The East End is home to more than tony summer homes. Turns out, the beach climate is just right for growing popular Bordeaux grapes, like Cabernet Franc, Merlot, and Sauvignon Blanc. You might recognize the names Macari and Wölffer Estate, but don’t overlook smaller vineyards where indie vintners employ buzzy winemaking techniques.



At one of the North Fork’s O.G. wineries, Eric Fry makes some of the region’s best estate-produced wines. Shell out the extra bucks to do a premium-level tasting, featuring old-vine wines typically available only to subscribers.


Sparkling Pointe

The only Long Island winery dedicated exclusively to bubbles (okay, there’s brandy, too) made in the méthode Champenoise, Sparkling Pointe also boasts a chic, modern-art-adorned tasting room.


Channing Daughters

This one’s for the cool kids. The South Fork winery, known for its range of pet-nats, also produces varietals like Ribolla Gialla and Teroldego, plus skin-contact wines, including a rainbow of rosés.

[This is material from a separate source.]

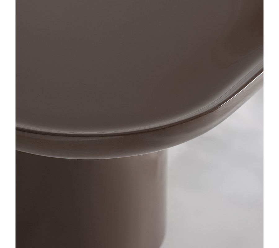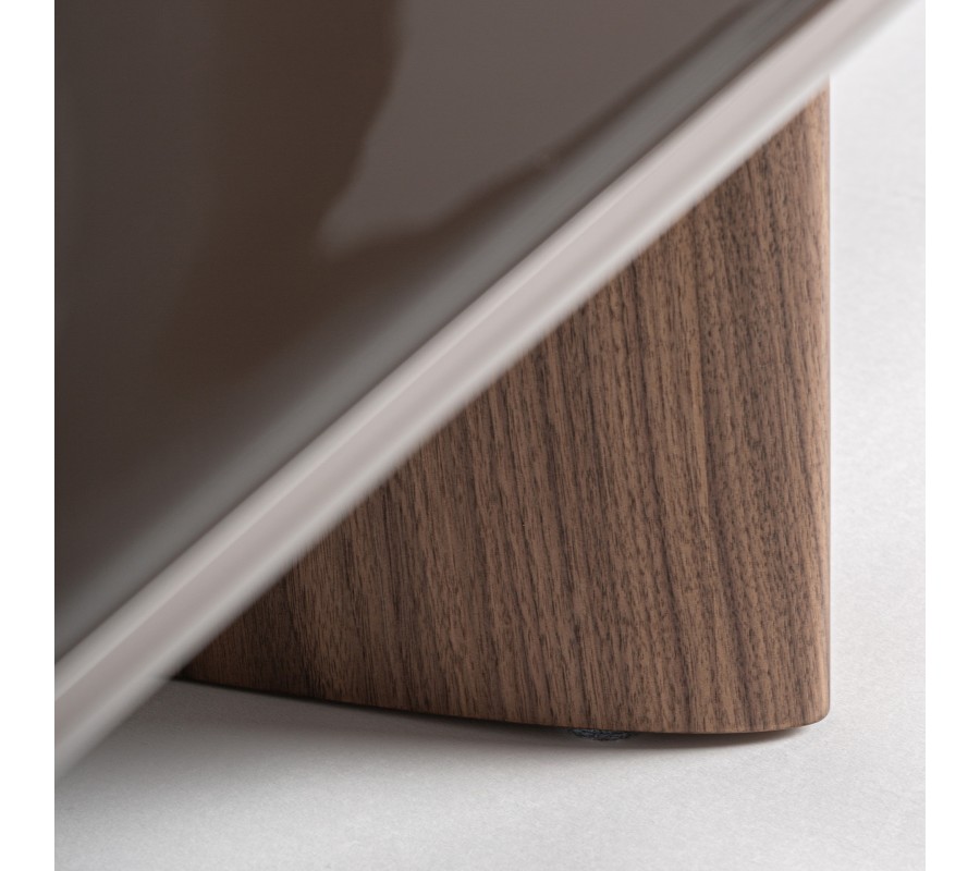 Konstrukci podpírají dvě výrazově odlišné nohy, které spolu vytvářejí zajímavou vizuální dynamiku. Jedna noha je kulatá, s hladkým lesklým hnědým povrchem, který ladí s vrchní deskou a působí kompaktně a elegantně. Druhá noha má oválný tvar s výraznou dřevěnou strukturou a přirozenou kresbou dřeva, čímž do designu vnáší kontrast textur a jemný architektonický akcent. Spojení hladkého lesku a přirozené dřevěné struktury vytváří sofistikovanou rovnováhu mezi moderní elegancí a přirozeným charakterem materiálu.

Founded in 1983, Paumanok has racked up awards and titles. Today, it’s a great place to lounge with a pour of its crisp Chenin Blanc and a plate of local cheese or oysters plucked from nearby waters.


Photo courtesy of Bridge Lane

Bridge Lane

Love it or hate it, this offshoot of Lieb Cellars might be a snapshot of the future of wine. Their small-batch, sustainably farmed, dry “craft wines” are an experiment in packaging, available in bottles, cans, boxes, and 20-liter kegs.